AI Oversight and Human Mistakes: Evidence from Centre Court
David Almog, Romain Gauriot, Lionel Page, Daniel Martin
TL;DR
This paper studies how AI oversight via Hawk-Eye influences human umpire decisions in professional tennis, using three data sources to compare performance before and after AI review. It combines a ground-truth Hawk-Eye Base dataset, a Challenge dataset, and Video Auditing to construct a merged panel of 698 matches and applies a two-stage rational-inattention model with state-dependent AI-overrule penalties, yielding $c^{I}$ and $c^{O}$ estimates. The main findings show that AI oversight reduces the overall mistake rate for close calls but increases the likelihood of calling balls in near the line, shifting errors from Type II to Type I; structurally, umpires exhibit 37% greater concern for Type II errors after Hawk-Eye introduction due to the AI penalty. Heterogeneity by umpire skill and play type reveals that less-skilled umpires react more to AI oversight and that effects differ between serves and non-serves, with nuanced patterns in the closest calls. The work provides a framework for evaluating welfare effects of AI oversight, highlighting potential gains from improved accuracy alongside behavioral costs and incentive misalignment concerns in high-stakes decision environments.
Abstract
Powered by the increasing predictive capabilities of machine learning algorithms, artificial intelligence (AI) systems have the potential to overrule human mistakes in many settings. We provide the first field evidence that the use of AI oversight can impact human decision-making.
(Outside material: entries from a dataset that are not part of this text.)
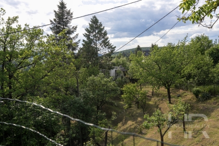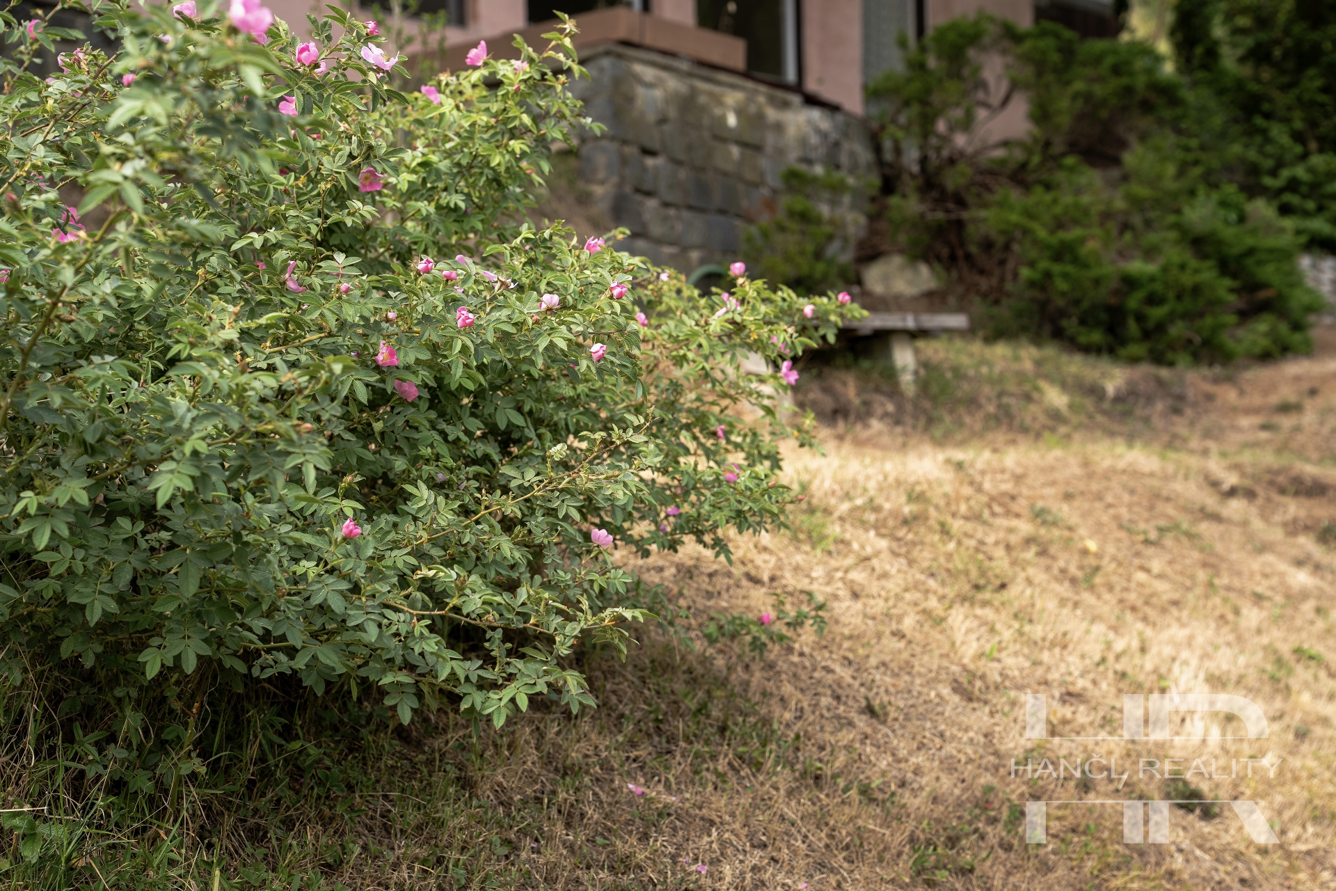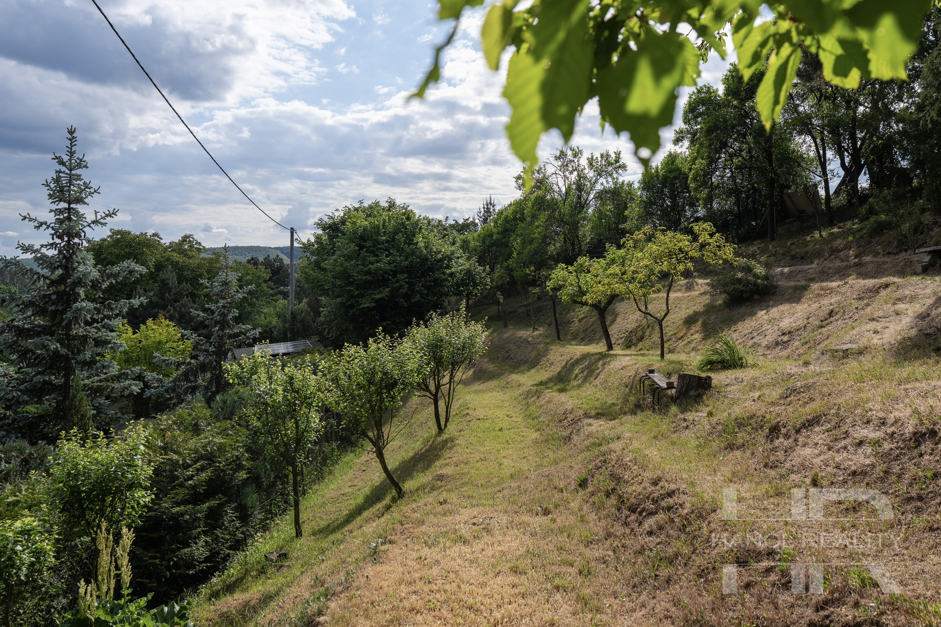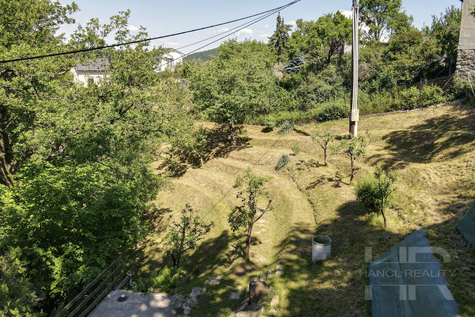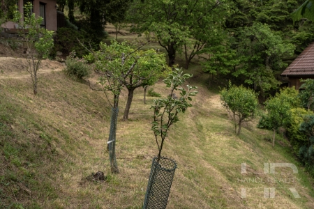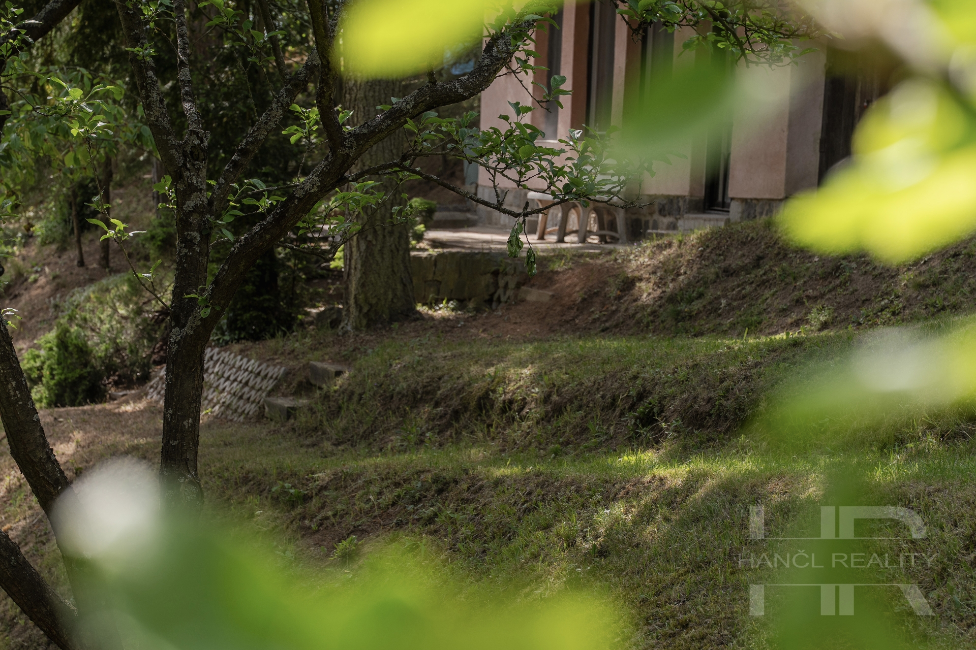 Pozemek je kaskádovitý, s množstvím ovocných a okrasných stromů a keřů. Rovinu tu nehledejte, ale právě díky terénu si tu můžete užít výhledy, které jen tak neomrzí.
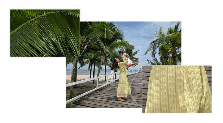 Во срцето на камера системот на Galaxy Z Fold7 се наоѓа широката 200 MP камера – истата како кај Galaxy S25 Ultra – и највисока резолуција досега кај Z Fold серијата. Со неа можете да ја фатите секоја нијанса од сцената – од богатите текстури и бои на облеката во вашите фотографии од одмор, па сè до деликатните контури на огромниот пејзаж зад вас. Ова се некои од главните придобивки од широкоаголната камера на Galaxy Z Fold7:
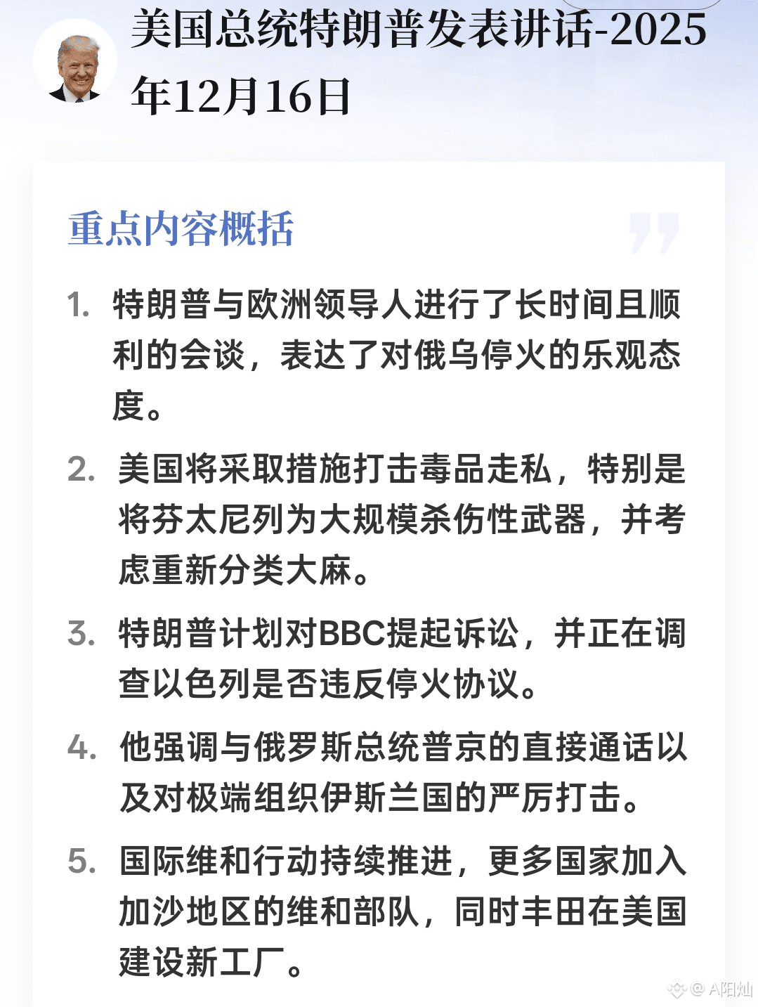 特朗普2025年12月16日讲话全文:以本土堡垒之名,重振美国荣光
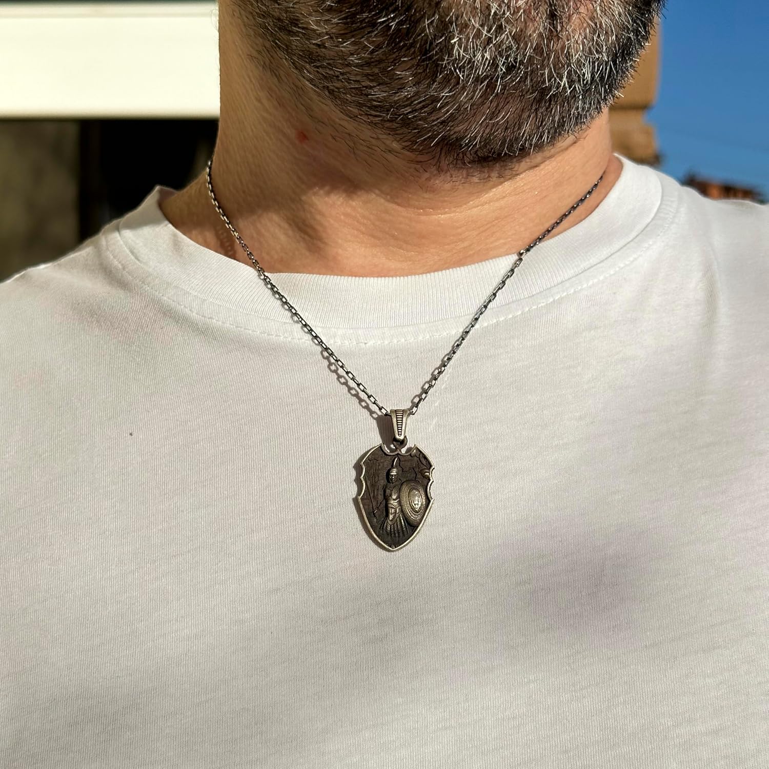 925 Ayar Gümüş, Spartalı Savaşçı Kolye, Erkekler için Hediye Gümüş Zincir ile
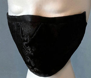 Black brocade face cover/cloths face mask, cotton inside. Made to order
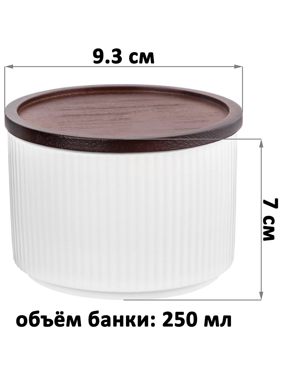 | Дополнительная информация | Банка для хранения "Колоранс - Полоски" белая, 9,3х9,3х7 см, 250 мл, с деревянной крышкой-подставкой с силиконовым уплотнителем, высота без крышки - 6 см |
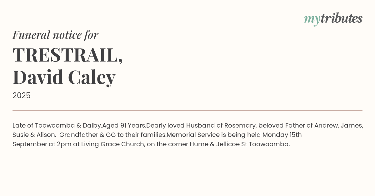 Memorial Service is being held Monday 15th September at 2pm at Living Grace Church, on the corner Hume & Jellicoe St Toowoomba.
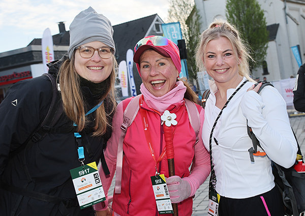 Unter den Teilnehmern sind auch zahlreiche Wanderer aus dem Oberbergischen. Renate Groneuer (Foto Mitte/mit Freundinnen) aus Engelskirchen, die für das Entsorgungszentrum Leppe startet, geht bereits zum wiederholten Mal auf die Strecke – und hat sich ehrgeizige Ziele gesetzt: „Ich konnte mich jedes Jahr steigern. Vielleicht wird es diesmal nur eine Minute, aber ich gebe mein Bestes.“ Gut acht Stunden wird sie unterwegs sein. Die 50 Kilometer schrecken sie nicht: „Das ist kein Problem – ich trainiere regelmäßig auf der großen Treppe auf Metabolon.“
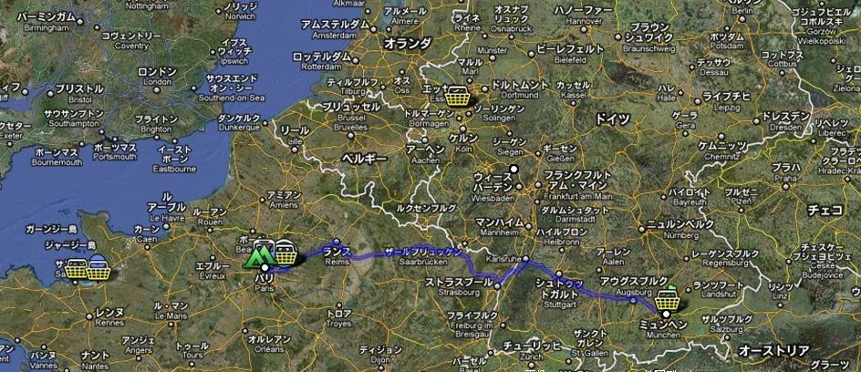 ミュンヘンからフランスを訪問した「フランスへの旅」 (地図↑ クリックで拡大)
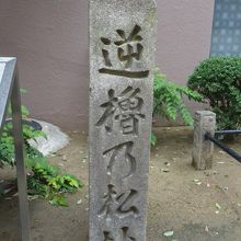 福島区福島にあったとされる老松のことで、その松の下で、源平合戦の時、源義経と梶原景時が軍議を行ったと平家物語に書かれています。今はその老松はありませんが、碑と説明プレートの横には一本松が植えられていました。
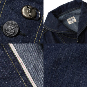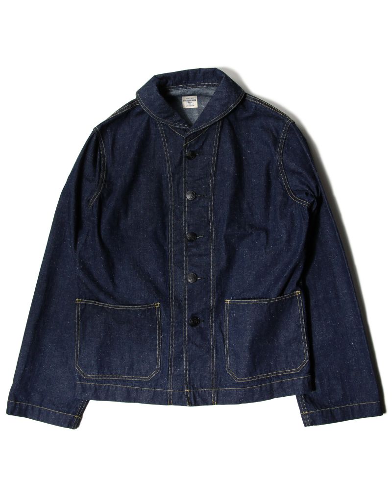 1940年代に米海軍で採用されていたショールカラーデニムカバーオールを忠実に再現したモデル。無骨なデニム地に特徴的なショールカラーを備え、ワークとミリタリーの両面を感じさせる存在感ある一着です。
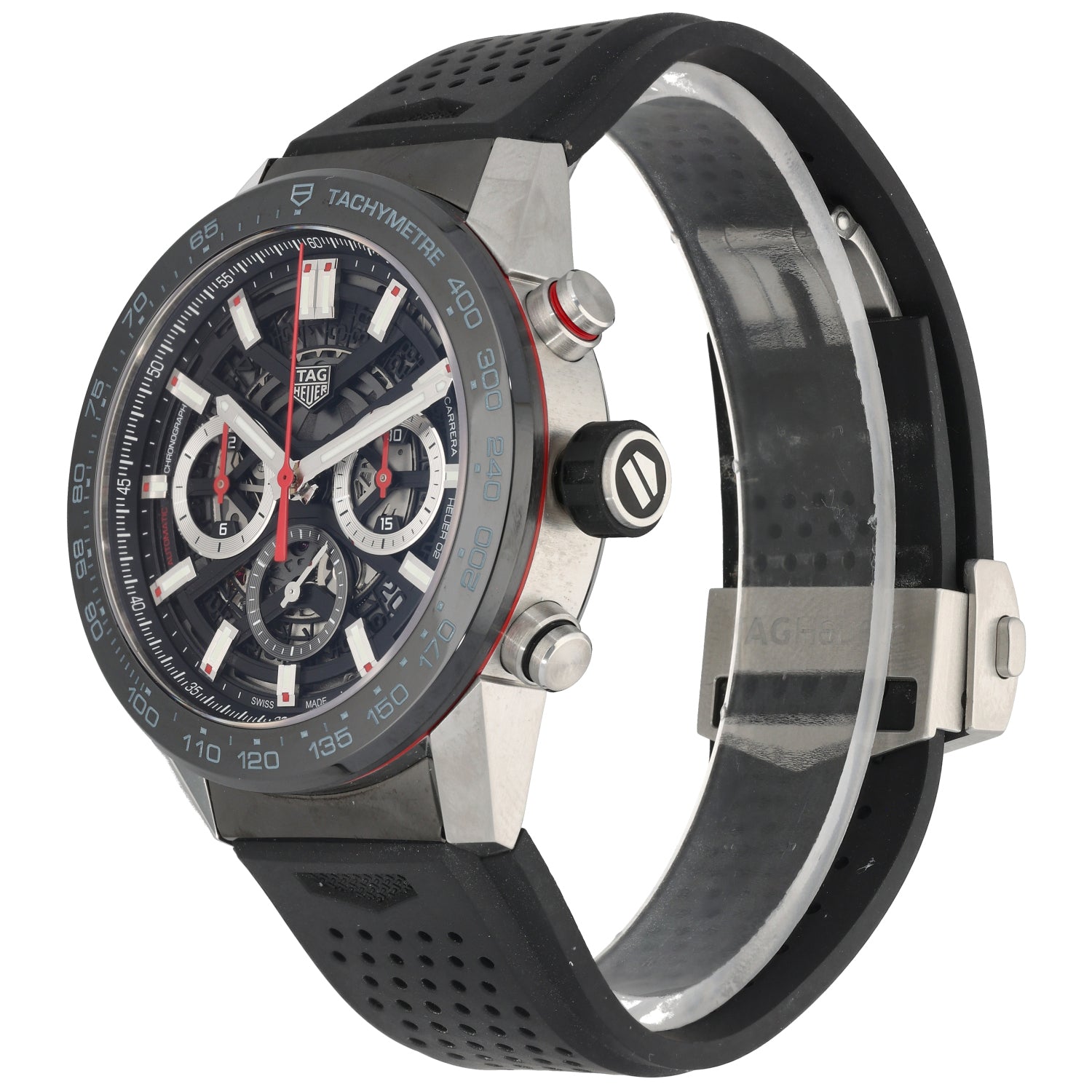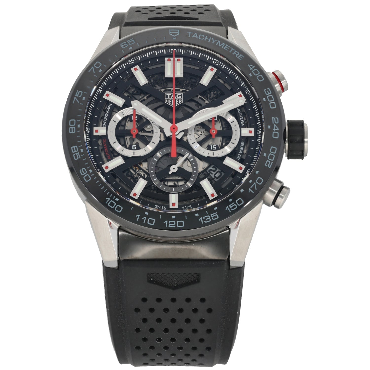 The Tag Heuer Carrera is an intricate timepiece which was launched by Tag Heuer back in 1963, being a perfect addition to any watch collection. This pre-owned example is finished with a skeleton dial inside a 45mm stainless steel case, which is fitted on an adjustable rubber...
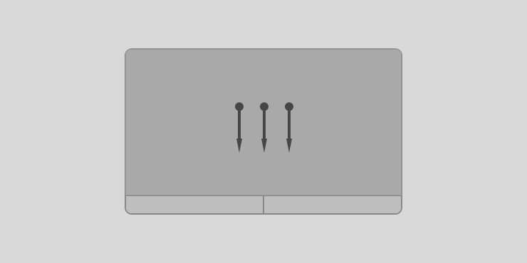 Содержимое сайтов в браузере, да и вообще любых окон, можно легко и удобно прокручивать вверх-вниз с помощью тачпада. Для этого нужно прислонить два пальца к сенсорной панели и провести ими вверх или вниз в зависимости от направления, которое вам нужно.

We investigate one of the highest visibility settings where AI oversight has occurred: Hawk-Eye review of umpires in top tennis tournaments. We find that umpires lowered their overall mistake rate after the introduction of Hawk-Eye review, but also that umpires increased the rate at which they called balls in, producing a shift from making Type II errors (calling a ball out when in) to Type I errors (calling a ball in when out). We structurally estimate the psychological costs of being overruled by AI using a model of attention-constrained umpires, and our results suggest that because of these costs, umpires cared 37% more about Type II errors under AI oversight.